Tara Shankar Sahay in New Delhi

The government's reluctance to declare the devastating Bhuj earthquake as a national calamity stems from its apprehension that such a move entails a 'financial emergency' in the country which could be counter-productive, according to senior government official M Y Siddiqui.

Siddiqui, who is from the law ministry, pointed out that financial emergency or declaring the Bhuj earthquake as a national calamity (which has already claimed over 20,000 lives) would involve measures like the freezing of financial increments in the government and 'unforgiving' tax collection by the tax authorities.

He said that in normal circumstances, tax disputes could even be taken to the level of the finance minister. But once financial emergency was declared in the country, there would be 'no reprieve' and people would compulsorily have to shell out the taxes.

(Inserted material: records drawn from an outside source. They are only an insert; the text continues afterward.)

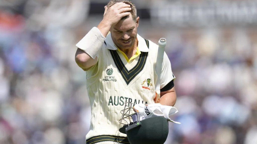 ২২ তম ওভারে শার্দুল ঠাকুরের শর্ট লেন্থ ডেলিভারিতে লেগে কাট করতে যান ওয়ার্নার। কিন্তু শটটি মিস করেন তিনি। ব্যাটে লেগে বল নিচু হয়ে গেলে দারুণ ডাইভে উইকেটের পেছনে ক্যাচ লুফে নেন ভারত। ওয়ার্নারের ইনিংস থামে ৪৩ রানে। লাঞ্চ বিরতিতে যাওয়ার আগে ২৩ ওভার শেষে অসিদের সংগ্রহ ২ উইকেটে ৭৩।
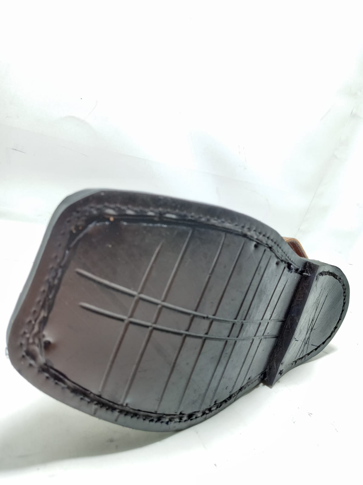 - Adjustable Buckle Strap: Equipped with a sturdy, classic brass-toned buckle on the backstrap, allowing for a customizable and secure fit.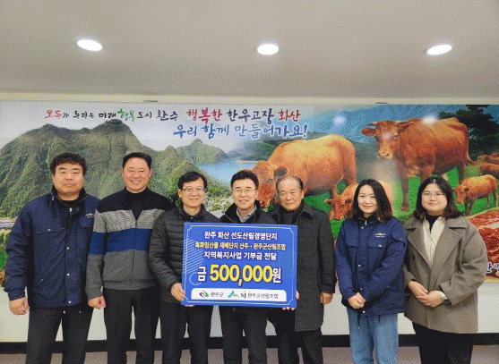 선도산림경영단지 특화임산물 재배단지 산주들이 수익금의 일부를 지역복지사업 기부금으로 전달했다.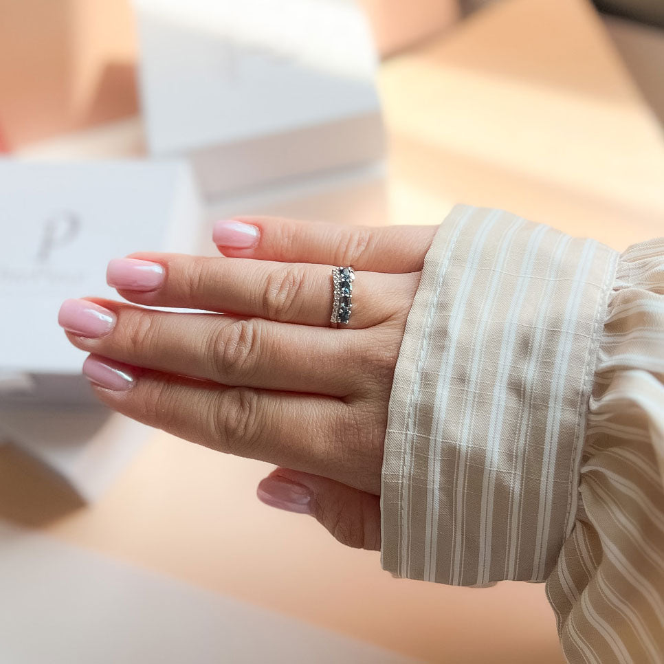 טבעת עדינה ובעלת נוכחות מרשימה, עשויה מכסף טהור 925 בציפוי רודיום. הציפוי ברודיום איכותי מעניק לטבעת עמידות גבוהה במיוחד מפני התחמצנות, שומר על הברק היוקרתי שלה לאורך זמן – וללא חשש מהשחרה או שינוי צבע.

Keeping such a thing in mind, the government had recently brought in the Taxations Laws (Amendment) Act, 2001, which seeks to increase the rate of surcharge payable by domestic companies for the assessment for the year 2001-2002 from the existing 10 per cent by 1 per cent to 11 per cent of the income tax payable.

He pointed out that the increased surcharge aims at forming a corpus for the National Centre for Calamity Management which has been set up by the government to monitor natural calamities like cyclones, droughts, earthquakes, fires, floods and hailstorms.

He said that the assistance provided by the Centre to the states in this context would be financed by such additional levy of special surcharge on the central tax for a limited period.

The Eleventh Finance Commission has made this recommendation, Siddiqui pointed out.

During the past three days, the Union agriculture secretary Bhaskar Baruah had sidestepped reporters' question on why the government was reluctant to declare the Bhuj earthquake as a national calamity.

When pressed, Baruah said: "What is the use, can you tell me? We are doing everything that is needed."

He indicated that Union cabinet secretary T R Prasad, who heads the government's Crisis Management Group, had also stressed that the there was no question of the Bhuj earthquake being declared as a national calamity.

Former prime minister Indira Gandhi had clamped 'internal emergency' in 1974, but financial emergency had never been imposed in the country, Siddiqui pointed out.

External emergency had been invoked in 1948, 1962, 1965 and 1971, along with the Defence of India Rule.